J Neurol Sci 2002 May 15;197(1-2):1-8
Department of Neurology, Wake Forest University School of Medicine, Medical Center Boulevard, 27157, Winston-Salem, NC, USA
Multiple sclerosis (MS) is a lifelong neurologic disease leading to moderate or severe disability in the majority of affected patients.
Studies of the natural history of MS suggest that 90% of patients with relapsing-remitting MS eventually develop secondary progressive (SP) disease.
Magnetic resonance imaging (MRI) studies have consistently shown a high frequency of new T2 lesions and new gadolinium enhancing lesions even in the absence of clinical relapse.

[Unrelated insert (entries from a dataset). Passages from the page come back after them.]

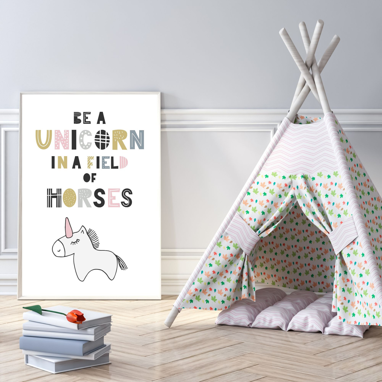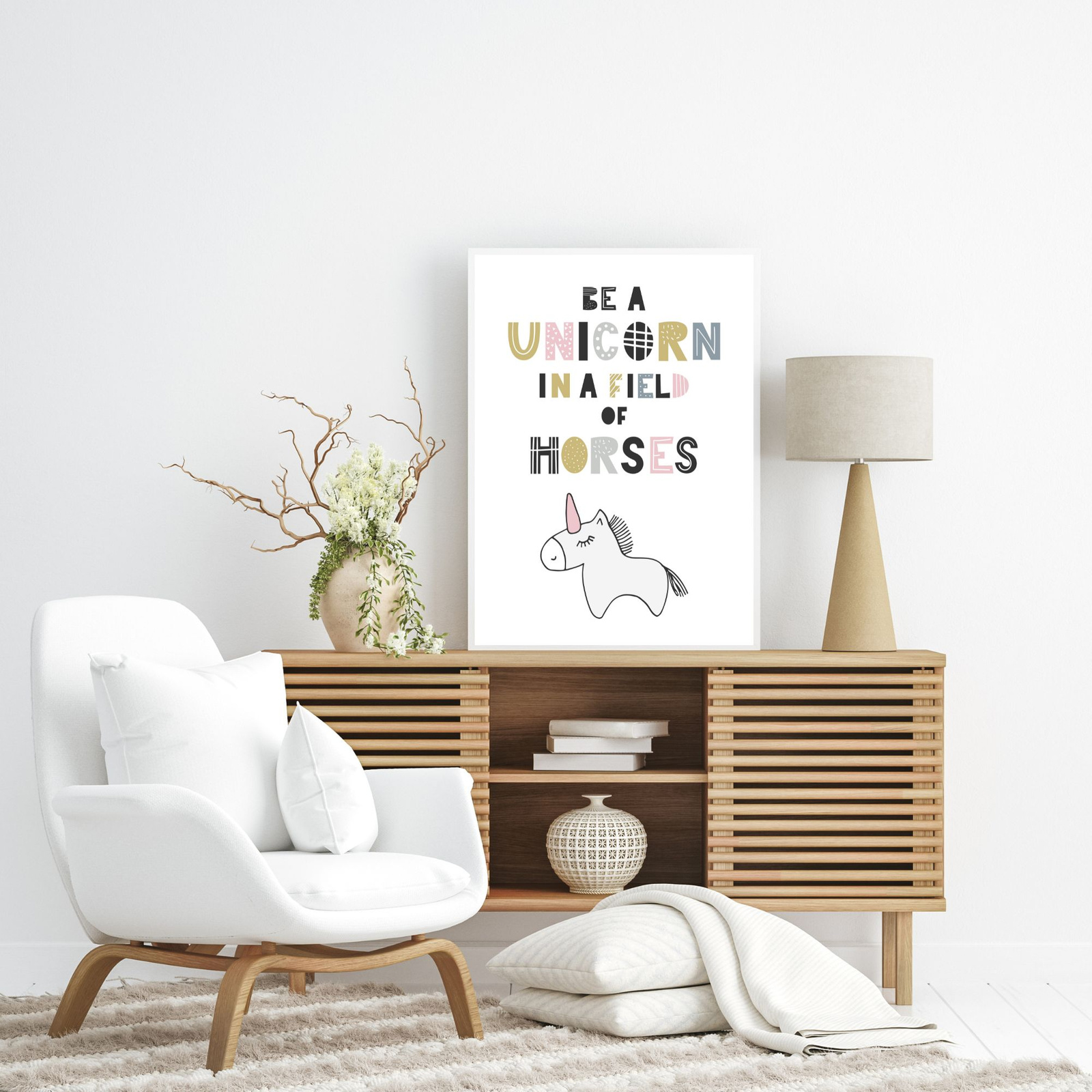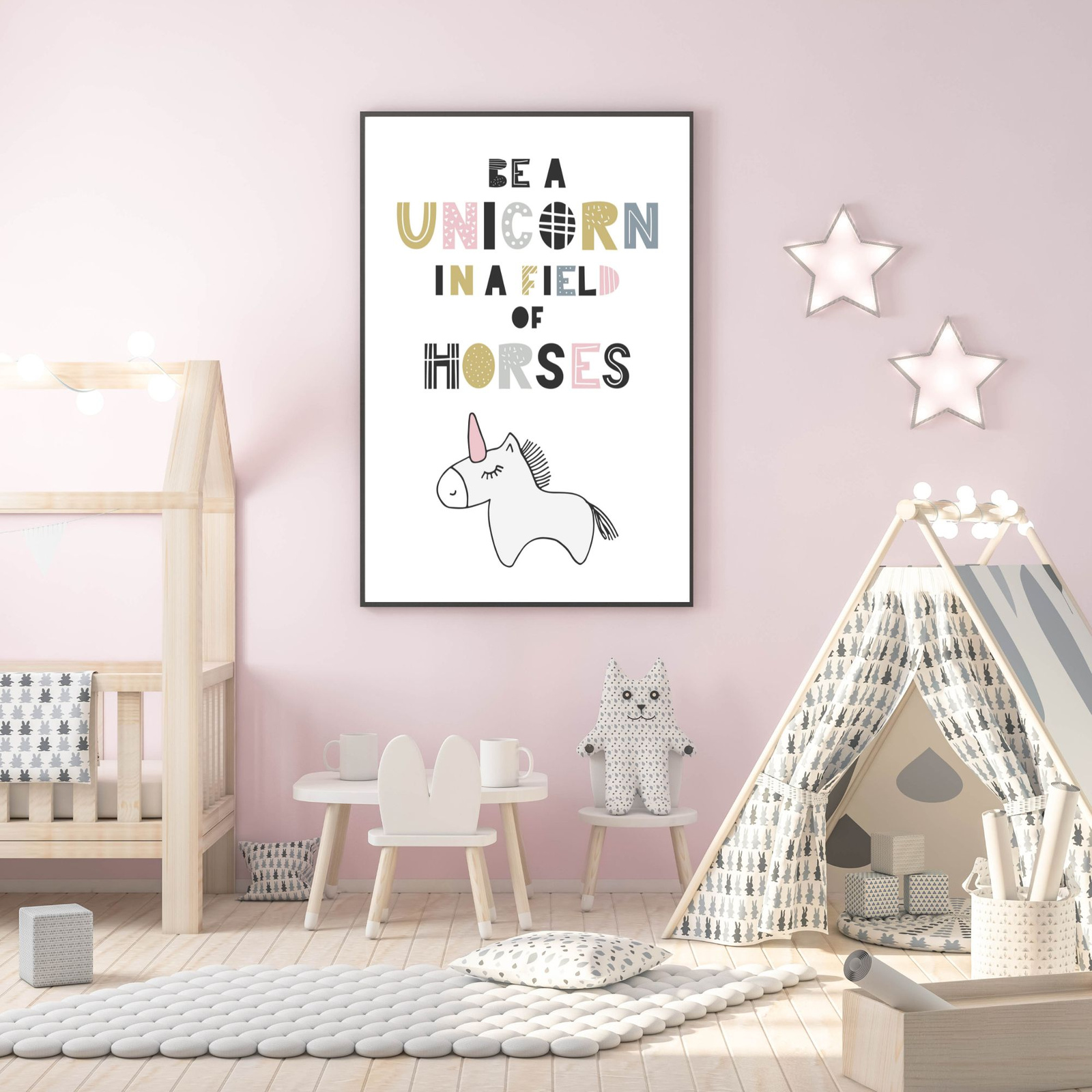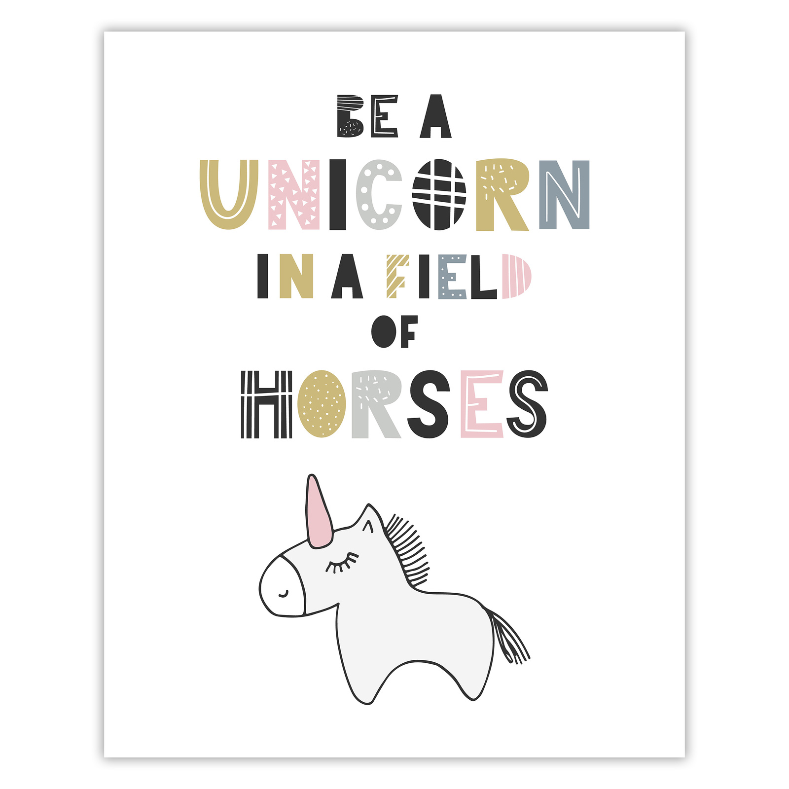 Children's poster Be a unicorn in a field of horses 40X50 cm + gold frame
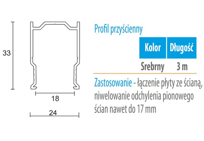Opis - Profil WC 01G przyścienny (grubość płyty 18 mm) -3m aluminium anoda
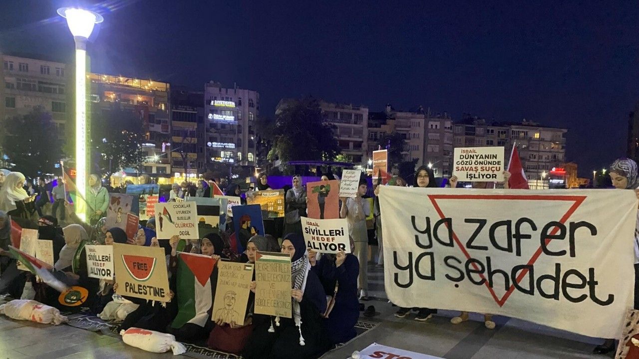 İsrail’in Filistin’e yönelik saldırıları, Efeler ilçesinde saat 21.00'de başlayan programla protesto edildi. Aydın Sivil Dayanışma Platformu öncülüğünde yapılan protestoda oturma eylemi düzenlendi. Atatürk Kent Meydanı’nda bir araya gelen vatandaşlar, 'İsrail sivilleri hedef alıyor', 'çocuklar uyurken susulur ölürken değil' ve 'free Palestine' dövizleri açıldı. Programda daha sonra Kuran’ı Kerim Tilaveti ve dua okundu. Eyleme katılanlar, 'Katil İsrail Filistin'den defol', 'Çocuklar ölürken susmayacağız', 'Katil İsrail ve Amerika' gibi sloganlar attı.
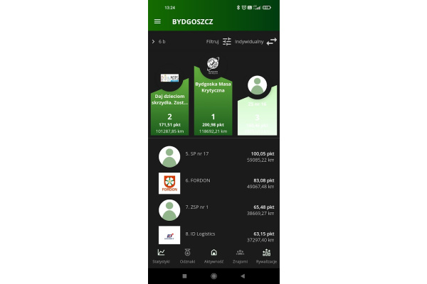 Zrzuty ekranu z aplikacji - Rowerowa Rywalizacja 2025
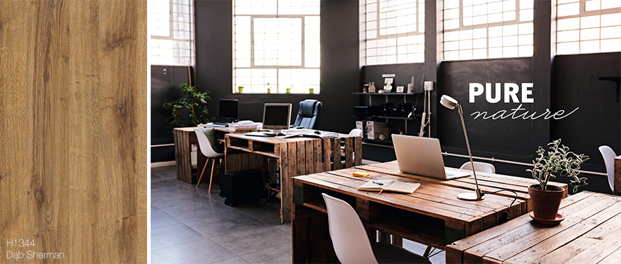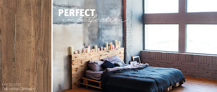 Świat wnętrz z duszą i naturalnym charakterem - pełnym klimatycznych pęknięć, odłamków i stylowego rękodzieła. Wpisuje się w trend eko, jak i styl loftowy. Do obu z nich idealnie sprawdzi się dekor H3176 ST37 Dąb Halifax Cynowany, oferujący nowe możliwości tworzenia. Format XL ogranicza powtarzalność wzoru, a struktura ST36 Feelwood Rift wzmacnia wrażenia dotykowe. Teraz dodajemy dekory metaliczne i industrialne wnętrze gotowe!
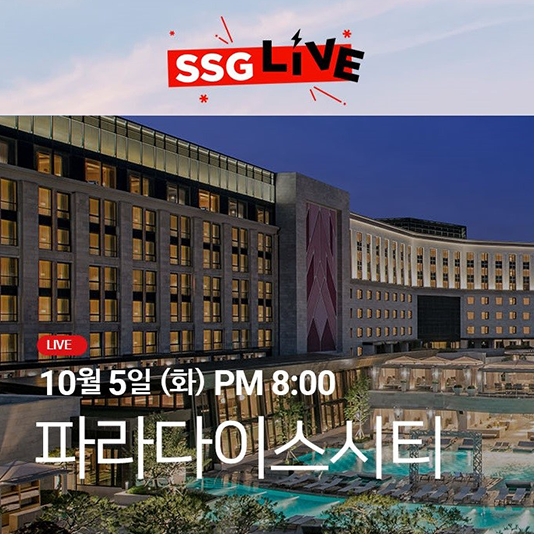 SSG닷컴, 매월 쓱라이브로 ‘월간호캉쓱’… 10월엔 5성급 ‘파라다이스시티’SSG닷컴이 하반기 라이브방송 킬러 콘텐츠로 ‘럭셔리 호텔’을 선보인다. 상반기 명품화장품에 이어 5성급 호텔을 대표 상품으로 선정해 한 번 더 ‘프리미엄’ 상품 콘텐츠를 강화하고 수요 공략에 나선다는 방침이다. 이번 달은 인천 영종도에 위치한 복합리조트 ‘파라다이스시티’를 선정했으며 오는 5일 오후 8시부터 라이브방송을 통해 전 객실 상품 판매에 나선다. 라이브방송 최초로 스위트룸부터 기본 객실까지 모든 객실 상품을 최대 67% 할인가에 준비했으며 SSG닷컴 단독으로 제공하는 혜택을 강화한 것이 특징이다.
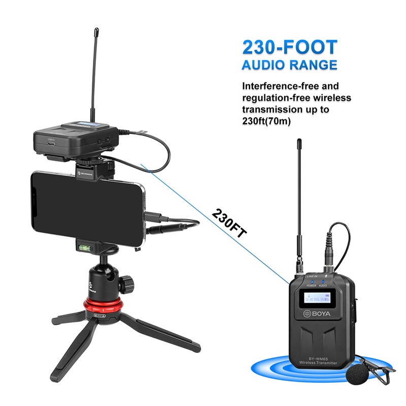 BOYA BY-WM6S là bộ micro không dây UHF thế hệ mới, tương thích với điện thoại thông minh, máy tính bảng, máy ảnh DSLR, máy quay phim, máy ghi âm... Với mức độ nhiễu thấp, kênh sóng UHF đa dạng và phạm vi hoạt động rộng, nó mang lại chất lượng âm thanh ổn định ngay cả trong điều kiện khó khăn.
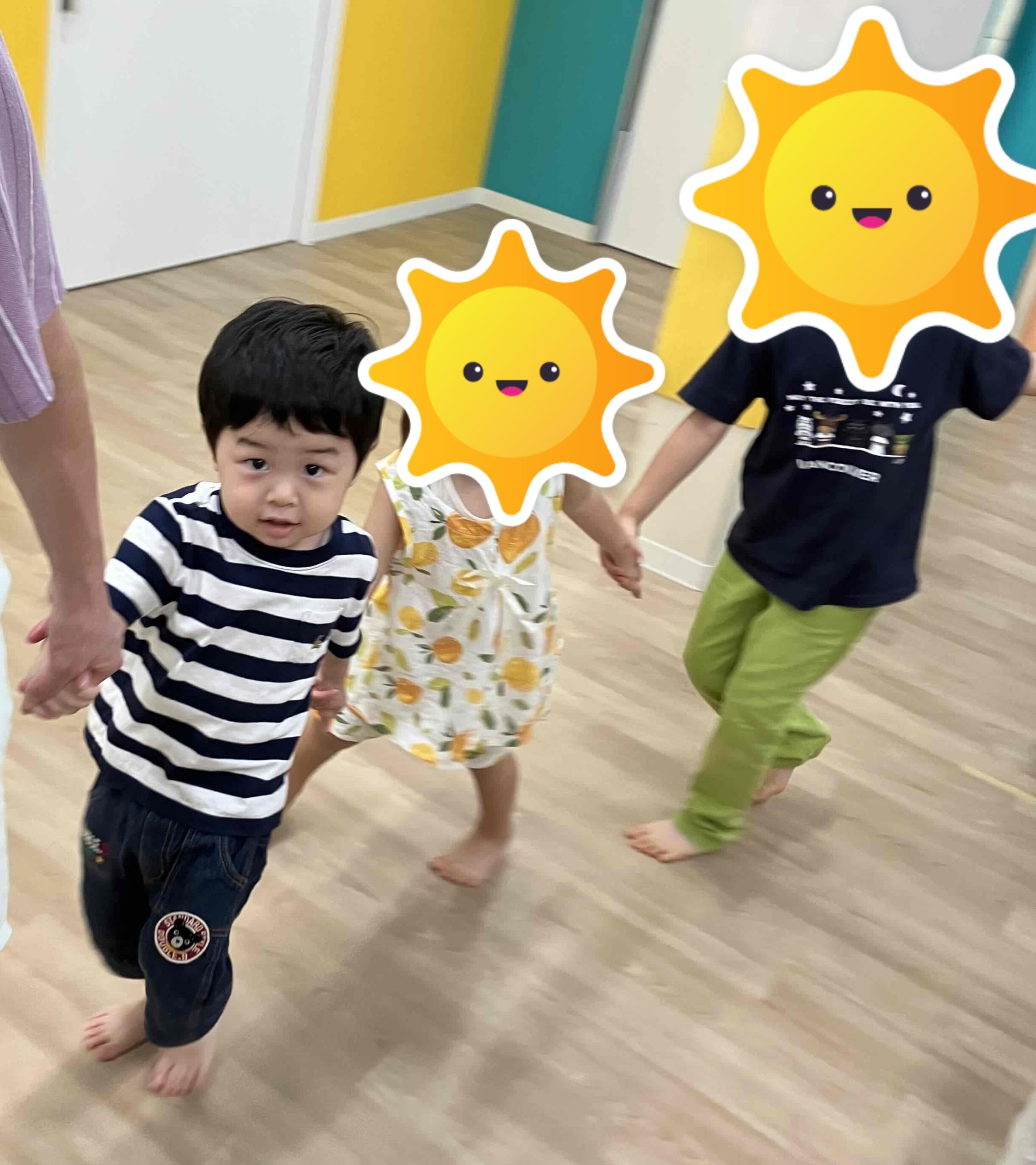 今日も午前中の活動で輪になる遊びをいましたよ。

Lesion burden on T2 MRI increases by 5% to 10% per year and both axonal transection and cerebral atrophy are present at the earliest stages of RR MS.
A wealth of evidence suggests that MS is a disease process that is continuously active, and that irreversible damage occurs early in the disease.
Despite knowledge of the natural history and the availability of treatments that reduce relapse rates, decrease the accumulation of disability, and decrease surrogate measures of disease activity, only 60% of eligible patients have been treated with immunomodulating agents.
This paper reviews the available evidence suggesting that immunomodulatory therapy modifies the natural history of MS and presents an argument for early intervention in the treatment of MS.